I'm a wreck--and this was my doing. I felt sad and guilty and relief on Sunday, relaxed during the day yesterday, depressed last night, angry earlier today, and now confused. Is this normal? Can anyone tell me what to expect?


----------



## Sensitive (Mar 29, 2009)

I missed your previous posts, but assume there is a huge marriage problem. I get moody with everything. Hang in there!


----------



## sisters359 (Apr 9, 2009)

I told my husband on Sunday that I want us to separate and divorce, eventually. Right now, we have agreed to live as roommates, at least for the summer. We are both free to go our own ways with other people if that happens. But for the sake of the kids and finances, we will stay in one house and do some joint counseling to help us through this process. 

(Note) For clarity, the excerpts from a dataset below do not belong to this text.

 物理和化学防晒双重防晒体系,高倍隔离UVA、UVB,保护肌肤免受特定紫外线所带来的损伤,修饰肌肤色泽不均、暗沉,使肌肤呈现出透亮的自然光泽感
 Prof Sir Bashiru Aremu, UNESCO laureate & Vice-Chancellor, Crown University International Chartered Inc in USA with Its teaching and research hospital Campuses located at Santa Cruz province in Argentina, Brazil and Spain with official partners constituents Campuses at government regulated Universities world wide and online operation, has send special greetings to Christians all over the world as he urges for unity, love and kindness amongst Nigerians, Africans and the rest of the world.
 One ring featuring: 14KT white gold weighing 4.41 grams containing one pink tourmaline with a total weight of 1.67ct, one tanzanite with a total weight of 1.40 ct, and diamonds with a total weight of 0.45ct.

I'm actually very comfortable with this arrangment--I want to be free to have sex with someone else (if that happens). I was afraid I'd have an affair. I could probably continue to live like this indefinitely unless I actually fell in love with someone else. Weird, huh? But I'm upset that I'm hurting my husband, too, and mad at him for his part in letting this happen.


----------



## JDPreacher (Feb 27, 2009)

Well, you are having an affair if you get with someone else while you are still married and it's going to make it more uncomfortable if you do so and you are both still in the same house.

You're not making very smart or very sound decisions with this...I get the impression that there is more going on with you that what you're letting on or maybe what you even know.

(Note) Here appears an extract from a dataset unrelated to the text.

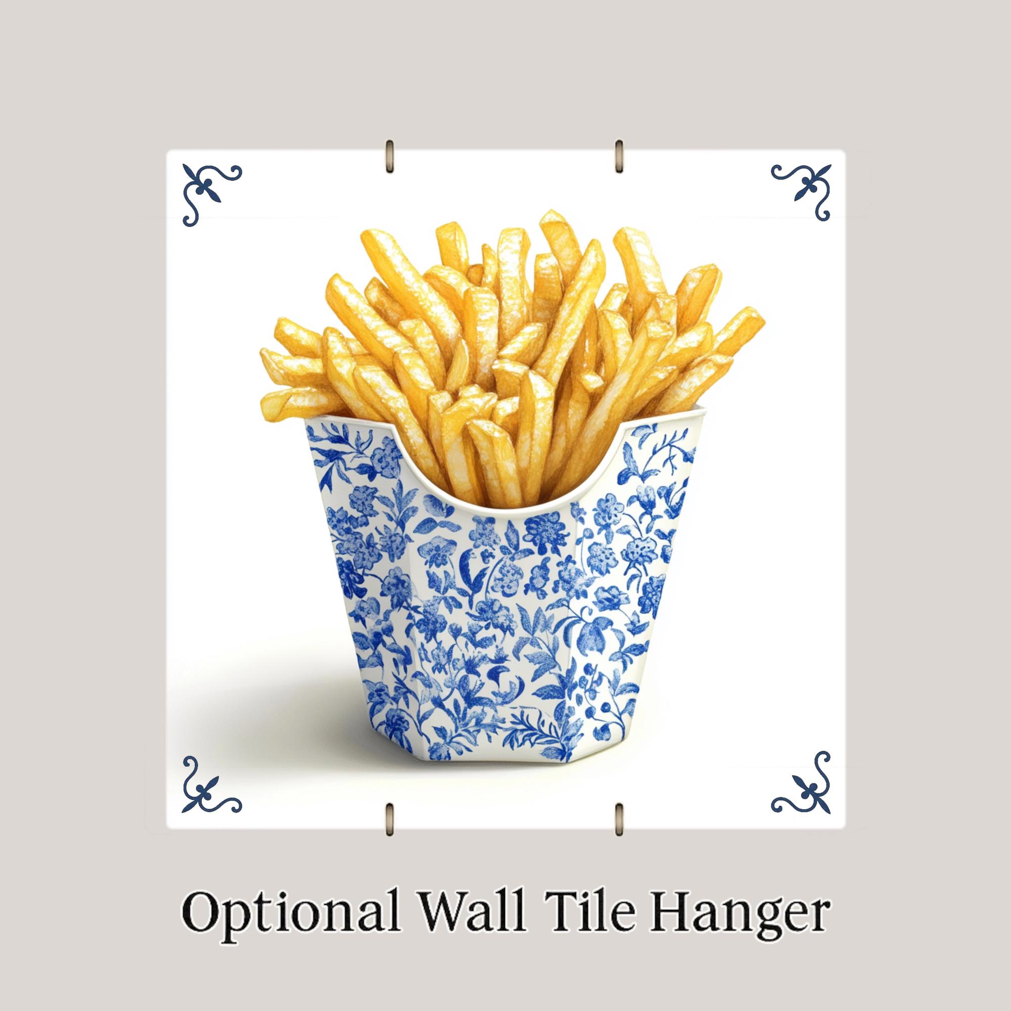 Ideal for the kitchen, dining area, food truck, or restaurant wall, this tile adds personality and charm to your space. It fits cottagecore, farmhouse, or eclectic interiors and is especially popular with food lovers, chefs, and collectors of funny or quirky art. Fries are universally loved—and now, beautifully elevated in Delftware fashion.

It's not a good idea to live as roommates, especially where kids are concerned...

Counseling will help but you've gone from and unhealthy thing into the next stratusphere by doing what you're doing.

I think you really need to decide what the hell it is you truly want and then do that...if you're unsure, then wait and get some help and see where it goes...if you're absolutely positive, then get out.

You're not making anything any better...

Blessed Be,
Preacher


----------



## sisters359 (Apr 9, 2009)

I want to separate and move toward divorce. He asked that we slow things down, take our time--for financial reasons, for the kids. I said I'd agree to try that as long as we have an open marriage. Not sure what else might be "there" that I'm not aware of, although I realized that his crying is what got me into this mess in the first place (when he asked me to move to his city many years ago, i said no, he cried, so I said yes). Maybe I am co-dependent? Someone else has suggested that. Would make sense, too, b/c I'm having my emotions (guilty, relief) AND his (fear, sorrow). I see my counselor today so maybe she can help me out.


----------



## Blanca (Jul 25, 2008)

It sounds to me like your emotions are getting there faster then your logic can. that happens to me sometimes. i just feel things and i dont understand where they are coming from. You're just confused and going through a lot. try to let your emotions come and just feel them, and then try to understand them one at a time. You're just learning about yourself. that's all.


----------